Friday, November 27, 2009

The Double-Sunrise Shell

I like picking up stones and shells to mark experiences. It's taken me a while to realize that relationships are made up of a lot of unremarkable finds -- gravel, beach pebbles, skipping-stones, broken shells. It's a rare day when one finds a green stone on a beach or a large piece of sea glass, or a pebble shaped like a heart. But these, of course, are what keep us looking.

When I was home for Thanksgiving, I started thinking about this one evening when my dad and I sat in the semi-dark living room speaking more honestly than we usually do. His tenderness during that conversation is one of the perfect white stones I will carry in my pocket.

I realize that I wish relationships consisted of those remarkable moments all of the time -- the close, intimate, and undivided ones. I am reading Gift from the Sea* by Anne Morrow Lindbergh. She talks about how the stages of early love, friendship, and even parenting are "pure" -- they exist in the sweet spot of fresh, early love where a relationship is a world unto itself, unhindered by the responsibilities and complications of life. In this early stage we are "loved alone" -- completely and exclusively, outside of all other affections and distractions; we are, as Donne says, in that small time, each other's whole world.

From Lindberg's chapter "Double Sunrise":

"We all wish to be loved alone. Perhaps, as Auden says in his poem, this is a fundamental error in mankind.

'For the error bred in the bone

Of each woman and each man
Craves what it cannot have,
Not universal love But to be loved alone.'

...In discussing this verse with an Indian philosopher, I had an illuminating answer. 'It is all right to wish to be loved alone... mutuality is the essence of love. There cannot be others in mutuality. It is only in the time-sense that it is wrong. It is when we desire continuity of being loved along that we go wrong.'"

"
One comes in the end to realize that there is no permanent pure-relationship and there should not be. It is not even something to be desired. The pure relationship is limited, in space and in time. In its essence it implies exclusion. It excludes the rest of life, other relationships, other sides of personality, other responsibilities, other possibilities in the future . It excludes growth...
One learns to accept the fact that no permanent return is possible to an old form of relationship; and, more deeply still, that there is no holding of a relationship to a single form. This is not tragedy but part of the ever-recurrent miracle of life and growth. All living relationships are in process of change, of expansion, and must perpetually be building themselves new forms." (73-75)

Though what she says holds true for all relationships, I have thought about it especially in terms of marriage (the relationship she most specifically addresses here). Ben's brother Zack is getting married in February. I have loved watching him and Beth the past few months-- how they talk to each other under their breath in a way that's almost their own language, look at each other with small smiles tucked in the corners of their mouths, wend through their weeks popping in and out of thrift stores, and photographing each other in greenish light. Fresh love.

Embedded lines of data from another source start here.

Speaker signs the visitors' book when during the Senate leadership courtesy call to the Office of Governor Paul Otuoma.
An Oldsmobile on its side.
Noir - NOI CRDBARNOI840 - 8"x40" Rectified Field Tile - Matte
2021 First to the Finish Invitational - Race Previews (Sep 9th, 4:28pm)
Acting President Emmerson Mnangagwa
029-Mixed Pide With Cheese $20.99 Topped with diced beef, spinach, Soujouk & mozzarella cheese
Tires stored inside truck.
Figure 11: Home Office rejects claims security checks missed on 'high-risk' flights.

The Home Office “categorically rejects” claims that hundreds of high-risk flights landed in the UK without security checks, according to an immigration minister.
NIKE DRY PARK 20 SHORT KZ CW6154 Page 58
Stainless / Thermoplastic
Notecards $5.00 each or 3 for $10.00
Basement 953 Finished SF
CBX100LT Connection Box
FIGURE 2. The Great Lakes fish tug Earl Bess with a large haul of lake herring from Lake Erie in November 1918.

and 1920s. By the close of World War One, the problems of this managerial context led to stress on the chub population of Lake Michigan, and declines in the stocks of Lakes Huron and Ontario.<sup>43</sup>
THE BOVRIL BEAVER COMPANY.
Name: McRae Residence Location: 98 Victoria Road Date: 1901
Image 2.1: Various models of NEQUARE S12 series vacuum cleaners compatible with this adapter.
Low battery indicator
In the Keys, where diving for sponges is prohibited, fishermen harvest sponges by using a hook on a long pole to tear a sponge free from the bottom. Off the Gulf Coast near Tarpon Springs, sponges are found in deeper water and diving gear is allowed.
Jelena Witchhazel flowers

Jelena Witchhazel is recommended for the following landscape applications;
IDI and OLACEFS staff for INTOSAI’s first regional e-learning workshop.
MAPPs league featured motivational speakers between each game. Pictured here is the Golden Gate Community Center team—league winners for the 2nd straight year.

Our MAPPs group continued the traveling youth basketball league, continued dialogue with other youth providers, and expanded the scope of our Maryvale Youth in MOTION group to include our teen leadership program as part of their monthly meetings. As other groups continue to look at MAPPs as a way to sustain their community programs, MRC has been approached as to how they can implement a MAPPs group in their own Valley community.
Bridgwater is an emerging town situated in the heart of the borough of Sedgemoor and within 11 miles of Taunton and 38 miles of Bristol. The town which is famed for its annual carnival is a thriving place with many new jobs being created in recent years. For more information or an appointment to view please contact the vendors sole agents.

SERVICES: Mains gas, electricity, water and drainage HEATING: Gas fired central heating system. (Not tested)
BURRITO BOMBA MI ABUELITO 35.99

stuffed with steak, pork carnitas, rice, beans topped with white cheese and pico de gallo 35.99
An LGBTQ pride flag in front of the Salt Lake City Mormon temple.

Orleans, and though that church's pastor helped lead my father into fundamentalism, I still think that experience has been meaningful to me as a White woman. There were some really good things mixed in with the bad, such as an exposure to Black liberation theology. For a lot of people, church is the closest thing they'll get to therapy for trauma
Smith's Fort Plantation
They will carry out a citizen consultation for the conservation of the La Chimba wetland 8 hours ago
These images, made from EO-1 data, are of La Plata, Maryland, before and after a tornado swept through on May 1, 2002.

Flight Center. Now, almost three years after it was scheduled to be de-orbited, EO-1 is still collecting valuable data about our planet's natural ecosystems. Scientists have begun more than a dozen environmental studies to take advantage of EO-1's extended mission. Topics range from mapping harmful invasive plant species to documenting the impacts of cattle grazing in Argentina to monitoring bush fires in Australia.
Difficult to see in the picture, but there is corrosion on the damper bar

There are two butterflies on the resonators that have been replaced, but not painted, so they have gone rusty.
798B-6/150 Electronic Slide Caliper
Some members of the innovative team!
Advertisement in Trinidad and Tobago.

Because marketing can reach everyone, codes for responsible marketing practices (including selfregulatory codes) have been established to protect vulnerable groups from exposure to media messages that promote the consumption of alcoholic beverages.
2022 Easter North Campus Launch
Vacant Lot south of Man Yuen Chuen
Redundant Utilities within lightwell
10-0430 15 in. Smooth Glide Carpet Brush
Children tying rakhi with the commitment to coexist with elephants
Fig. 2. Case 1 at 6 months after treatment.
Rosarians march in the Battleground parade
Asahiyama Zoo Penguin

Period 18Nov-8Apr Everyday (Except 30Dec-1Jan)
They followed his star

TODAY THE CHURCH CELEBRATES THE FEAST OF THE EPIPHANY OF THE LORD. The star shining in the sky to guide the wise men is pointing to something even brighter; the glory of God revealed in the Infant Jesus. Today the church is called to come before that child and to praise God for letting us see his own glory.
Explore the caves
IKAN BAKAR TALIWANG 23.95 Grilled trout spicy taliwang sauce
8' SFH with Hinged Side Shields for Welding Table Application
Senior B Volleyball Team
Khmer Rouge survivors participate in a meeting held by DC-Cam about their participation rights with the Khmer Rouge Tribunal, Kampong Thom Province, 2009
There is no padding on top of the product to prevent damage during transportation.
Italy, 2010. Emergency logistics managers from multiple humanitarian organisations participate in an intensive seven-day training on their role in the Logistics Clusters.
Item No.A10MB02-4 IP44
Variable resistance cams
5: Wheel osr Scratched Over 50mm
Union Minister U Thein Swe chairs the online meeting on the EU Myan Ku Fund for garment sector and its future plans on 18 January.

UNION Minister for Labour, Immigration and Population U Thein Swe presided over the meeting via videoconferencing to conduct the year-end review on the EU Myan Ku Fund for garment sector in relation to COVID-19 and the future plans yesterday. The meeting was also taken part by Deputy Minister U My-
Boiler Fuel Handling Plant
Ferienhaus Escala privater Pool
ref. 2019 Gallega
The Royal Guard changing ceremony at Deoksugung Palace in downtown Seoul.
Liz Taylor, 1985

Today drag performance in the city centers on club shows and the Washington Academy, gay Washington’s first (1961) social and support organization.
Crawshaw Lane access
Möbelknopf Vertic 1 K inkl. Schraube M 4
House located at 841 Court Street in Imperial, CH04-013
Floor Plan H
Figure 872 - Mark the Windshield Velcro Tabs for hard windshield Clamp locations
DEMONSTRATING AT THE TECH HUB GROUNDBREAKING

Watching their world has also heightened my awareness of what a different world Ben and I now live in -- a world orbited by two dancing moons, a world with lots of life to maintain. But Lindberg reminds me that change can be life-giving, a mark of expansion and growth, that instead of trying to return to an old form, we can work to reconnect and create new forms. She talks about how we can rediscover "the miracle of the sunrise" shell (the rosy early stage where two are joined by a perfect simple hinge) when we duck out of life's rush together. "What unexpected joy... to leave the children, the house, the job, and all the obligations" and find the "sudden pleasure of having breakfast alone with the man one fell in love with... Nothing [to separate each other] but a coffee pot, corn muffins and marmalade." (70-71) (I don't much like marmalade, but that sentence makes me want a whole jar of it on the kitchen table).

For now, I am off to make breakfast with Silas -- not quite the same, but doesn't it help to remember his downy-headed little self while he is yelling the entire house awake at 6AM?
And yet wouldn't I be even more exhausted had he stayed that nursing baby? (Oh, so grateful not to be in that stage any longer!) Reminders all around...


*If you are not familiar with the book, a little background: each chapter is an essay based on a different shell she's found. She writes from a bare-bones beach house during a week of solitude. The book, written in 1955, pre-Feminist movement, is definitely dated in parts, which she addresses in an afterword, but the heart of her musings stand true.